Everybody loves to hate the Asian carp… but not everyone agrees what to do about it. Some of the monster fish can grow up to 100 pounds… and many scientists say if the fish get established in the Great Lakes, it would be a disaster for the $7 billion fishing industry.
Last year, scientists found one of these giant carp beyond an electric barrier that was supposed to keep them out of Lake Michigan. That made a lot of people nervous.
Attorneys general from Michigan and four other states filed a lawsuit. They wanted to close some of the locks in a shipping canal between Chicago and Lake Michigan to try to keep carp out of the Lake. That request was denied and it has been tied up in the courts ever since.
The people who use the Chicago shipping canal are very much against closing the locks.
Lynn Muench is with the American Waterways Operators. It’s a trade group for the barge and tugboat industry.
“It would impact our industry by over 20 companies being impacted and potentially putting some of them out of business.”
Muench says she’s hoping the Great Lakes states will drop their lawsuit.
On the other side are environmentalists who say something needs to be done soon.
Joel Brammeier is president and CEO of the advocacy group Alliance for the Great Lakes. What’s the latest science on how close the carp are to Lake Michigan?
(interview is being transcribed – please check back)
JB: You know, unfortunately, live carp have already been found in the waters of the Great Lakes. There was an individual live carp found over the summer on the southeast side of Chicago on a river that drains into Lake Michigan. That’s the bad news. We know that these fish are actually in the Chicago waterway. The less bad news is the reproducing populations of these fish are still miles below where the electrical barriers are located, outside the city of Chicago. So the reproducing front of these fish is perhaps 70-100 miles from Lake Michigan. Don’t draw too much comfort from that, because these fish move fast, they’re unpredictable, and they can advance tens of miles in a year.
RW: So what do you think about this solution that the states are pushing – closing the locks – will that work?
JB: Well, I think just like all the other tools we’ve got, nets and electric shocks and poisons, locks will be used as a management tool to buy some time to stop these fish from invading Lake Michigan and the rest of the Great Lakes.
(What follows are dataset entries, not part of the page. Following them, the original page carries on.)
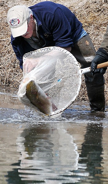 Rick Wolfe gives a small nudge to a rainbow trout to get out of a net.
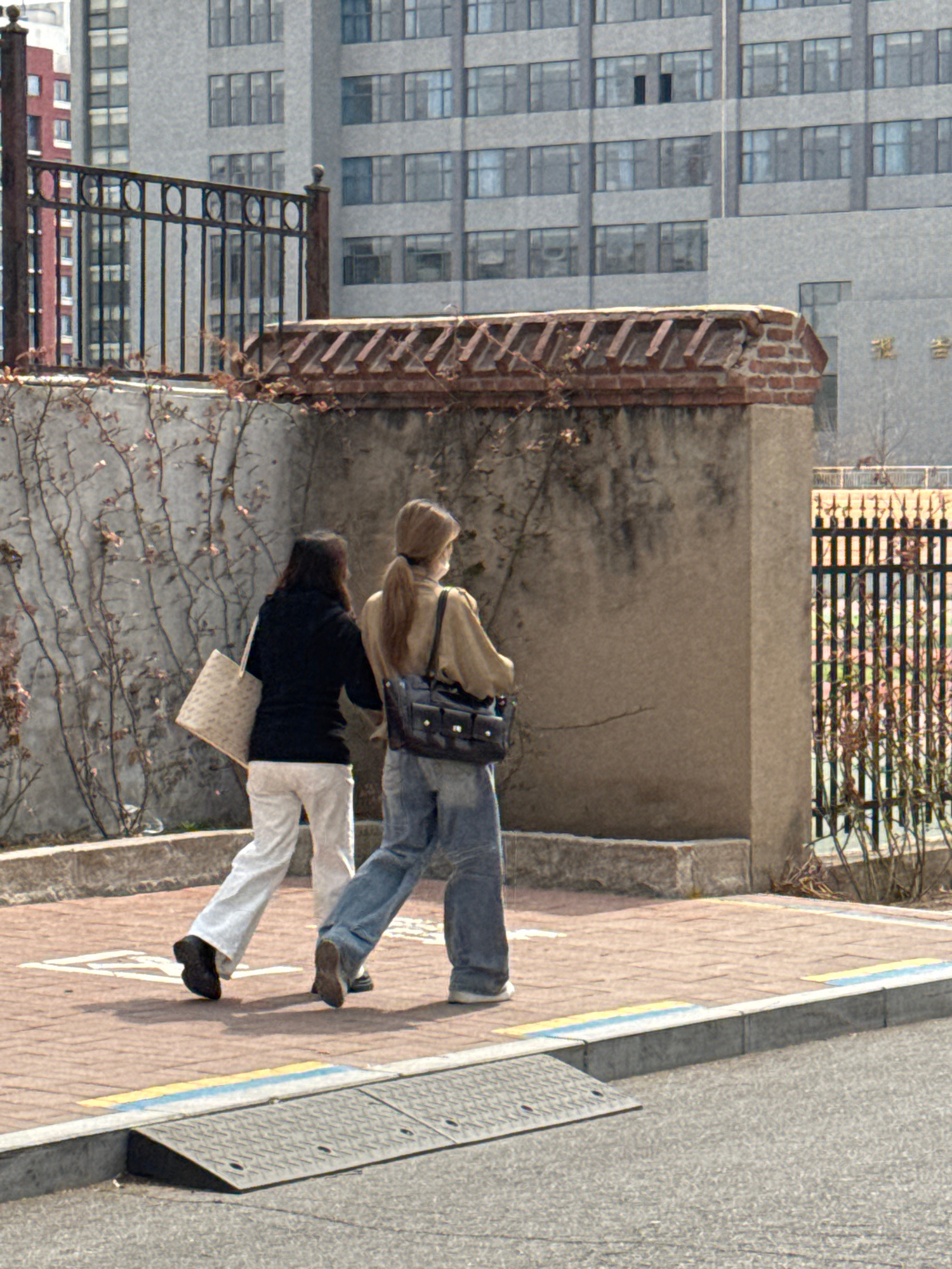 Two individuals are walking on a brick sidewalk adjacent to a street. One person, with blonde hair, is wearing a tan jacket, blue jeans, and carrying a dark-colored bag. The other person is wearing a…read more
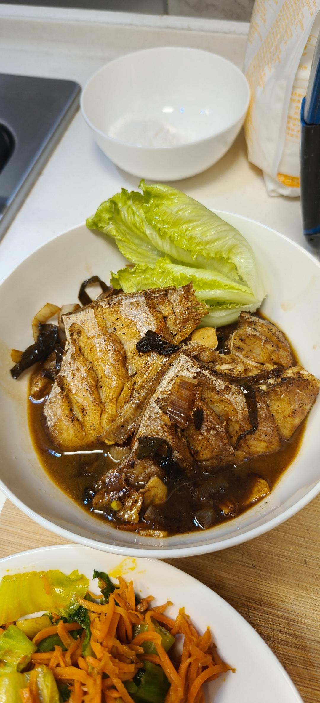 昨天晚餐,好吃的葱香扒皮鱼,用的陈年老葱油,咸香
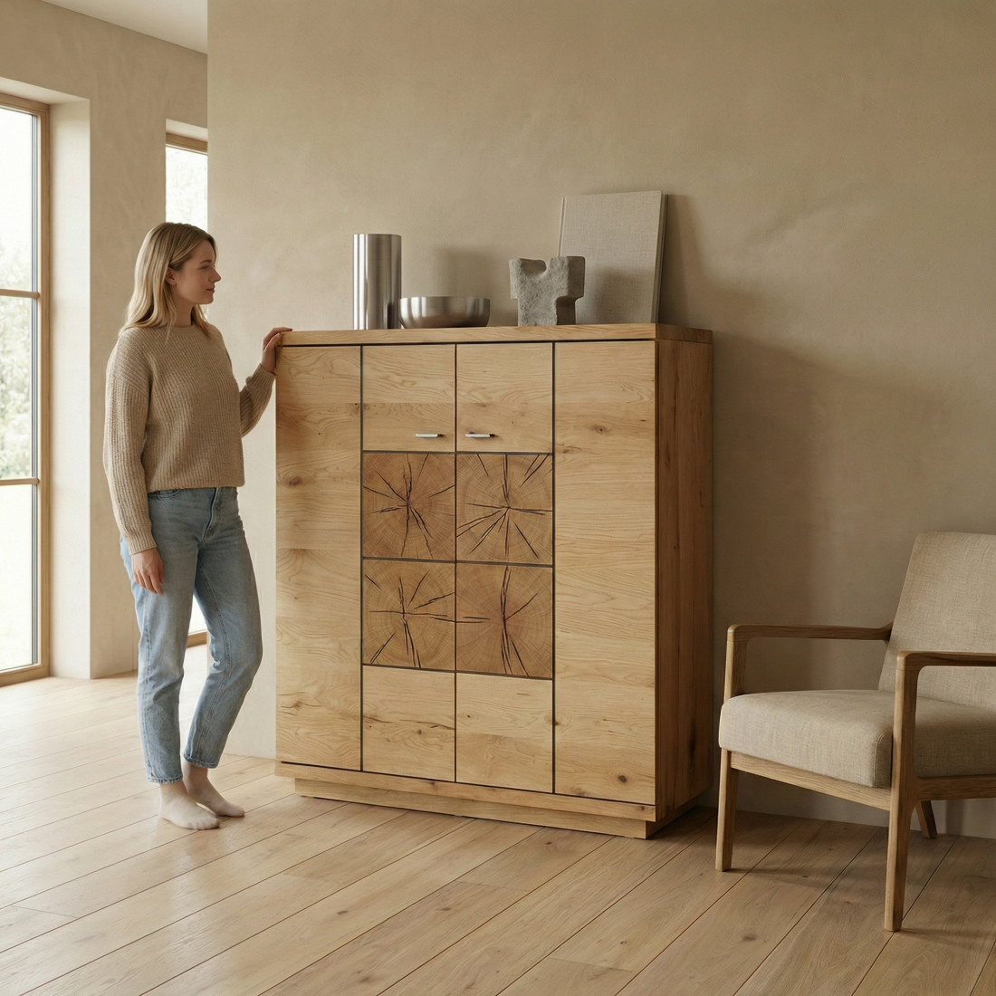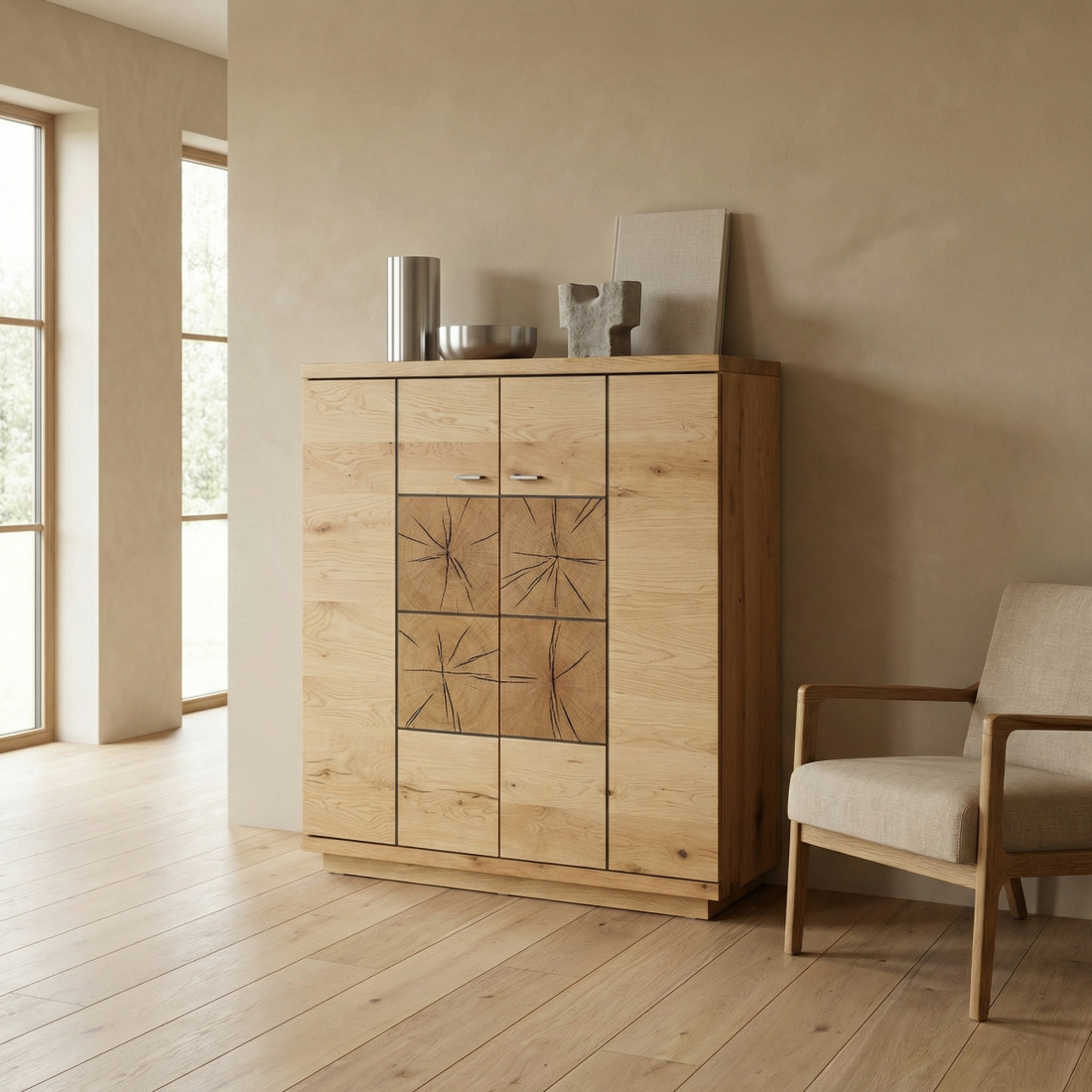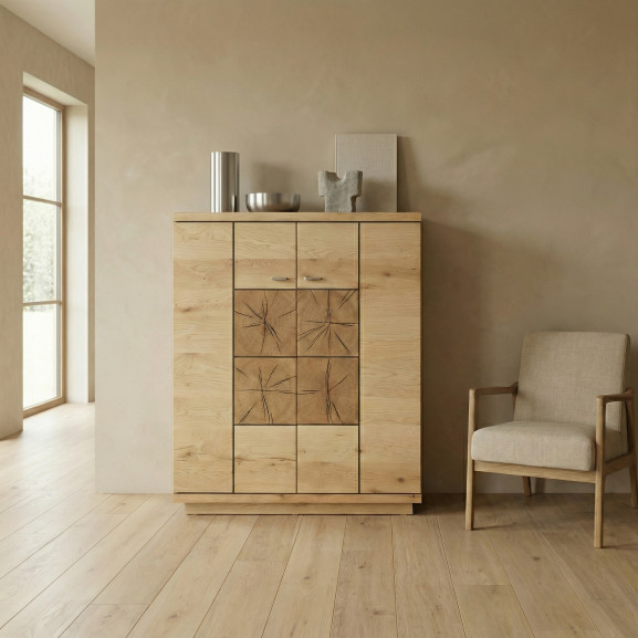 Carcasa din PAL și MDF infoliat cu furnir din lemn masiv de înaltă calitate garantează durabilitate și un aspect estetic deosebit. Fiecare detaliu este atent ponderat, iar sistemul de închidere silențioasă adaugă un plus de confort și lux la utilizare.
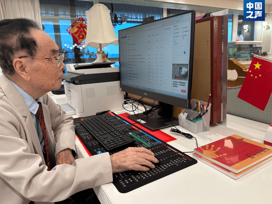 圖:95歲的侯云德每天在電腦前學(xué)習(xí)新知識(shí)和進(jìn)行學(xué)術(shù)創(chuàng)作
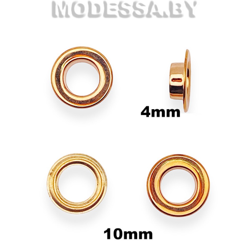 Люверсы (блочки) металлические. Внутренний диаметр 10мм. Внешний диаметр 18мм. Высота ножки 4мм. Позволяют аккуратно оформить шнуровку и укрепить края отверстий для шнуровки, защитить их от трения. Подходят для поясов, а также создания шнуровки на обуви, верхней одежде, корсетах, чехлах, тентах и других изделиях из плотных материалов. Установка люверса производится с помощью пресса и специальных насадок. Диаметром люверса называется внутренний диаметр отверстия в нем. Этот размер задается отверстием, которое необходимо получить.
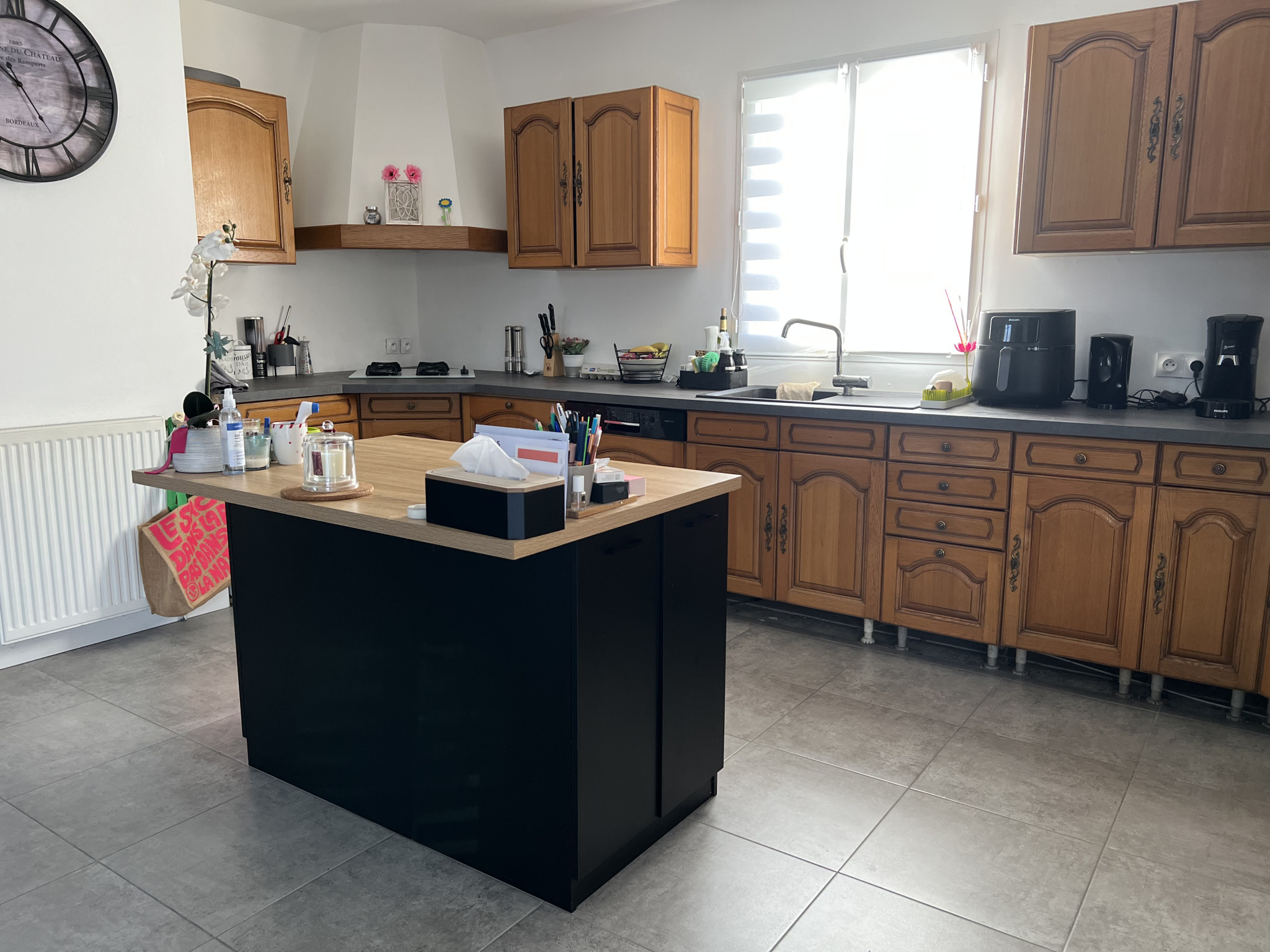 Dès l'entrée, vous découvrirez une belle pièce de vie lumineuse avec cuisine américaine aménagée, idéale pour partager des moments conviviaux en famille ou entre amis.
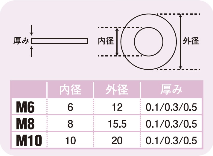 ステンレス製カスタムパーツのフィッティングの際に必要になる細かい寸法調整にお使いください。M8サイズ/厚み0.3mm 2個入り
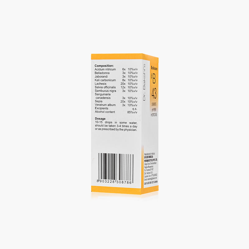 Composition: Acidum nitricum 6x, Belladonna 3x, Jaborandi 3x, Kali carbonicum 8x, Lachesis 20x, Salvia officinalis 12x, Sambucus nigra 3x, Sanguinaria Canadensis 3x, Sepia 20x, Veratrum album 3x.

They’re not a silver bullet, they’re not an overnight solution, and we’ve got to avoid thinking of them that way. We’re not going to keep those locks closed permanently, they’re not designed to do that and frankly they probably wouldn’t solve the problem on their own. We really need to stay focused on a permanent solution, and that’s breaking the connection between the Great Lakes and the Mississippi River once and for all. That idea that sounded radical two years ago has quickly elevated to the realm of reality now that carp have been found actually in the waters of Lake Michigan.
RW: When you talk about cutting the Mississippi River off from Lake Michigan, what do you mean by that?
JB: It means that we make a break, and at that break water no longer flows between those two systems. We’re confident that the kind of economy and quality of life that this waterway supports can actually grow even after a separation occurs.
RW: Joel Brammeier is the president and CEO of the Alliance for the Great Lakes. Thank you so much for your time!
JB: No problem, Rebecca. Take care.
RW: At the moment, the Army Corps of Engineers is in the middle of a study to try to figure out how to keep carp out of Lake Michigan. But the Corps says that study won’t be done until the year 2015. That’s not fast enough for some Great Lakes cities and states. They’ve raised their own money to do their own study, and they say that’ll be done by the end of this year.
That’s the Environment Report. I’m Rebecca Williams.